**Material supplied**:
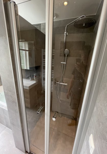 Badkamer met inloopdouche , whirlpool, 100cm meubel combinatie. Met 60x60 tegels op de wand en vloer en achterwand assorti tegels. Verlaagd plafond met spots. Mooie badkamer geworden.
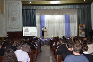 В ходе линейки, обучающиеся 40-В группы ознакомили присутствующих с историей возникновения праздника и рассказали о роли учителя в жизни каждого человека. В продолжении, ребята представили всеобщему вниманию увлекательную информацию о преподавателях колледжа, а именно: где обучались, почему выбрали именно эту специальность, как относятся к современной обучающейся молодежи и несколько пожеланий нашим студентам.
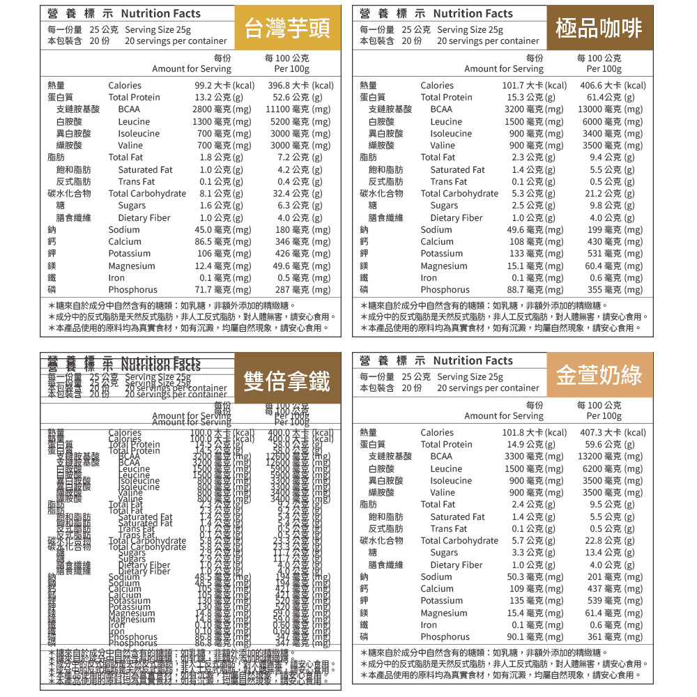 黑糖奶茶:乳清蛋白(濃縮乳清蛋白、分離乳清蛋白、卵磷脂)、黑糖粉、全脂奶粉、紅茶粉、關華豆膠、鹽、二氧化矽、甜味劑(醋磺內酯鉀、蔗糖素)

...

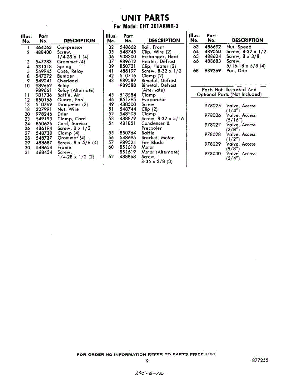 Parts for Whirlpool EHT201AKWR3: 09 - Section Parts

**Task to carry out**:
Transcribe, word for word, the stretch of lines in the data above from the one with "Badkamer met inloopdouche" through the one with "黑糖奶茶:乳清蛋白(濃縮乳清"; omit all pictures.

**Completed task**:
 Badkamer met inloopdouche , whirlpool, 100cm meubel combinatie. Met 60x60 tegels op de wand en vloer en achterwand assorti tegels. Verlaagd plafond met spots. Mooie badkamer geworden.
 В ходе линейки, обучающиеся 40-В группы ознакомили присутствующих с историей возникновения праздника и рассказали о роли учителя в жизни каждого человека. В продолжении, ребята представили всеобщему вниманию увлекательную информацию о преподавателях колледжа, а именно: где обучались, почему выбрали именно эту специальность, как относятся к современной обучающейся молодежи и несколько пожеланий нашим студентам.
 黑糖奶茶:乳清蛋白(濃縮乳清蛋白、分離乳清蛋白、卵磷脂)、黑糖粉、全脂奶粉、紅茶粉、關華豆膠、鹽、二氧化矽、甜味劑(醋磺內酯鉀、蔗糖素)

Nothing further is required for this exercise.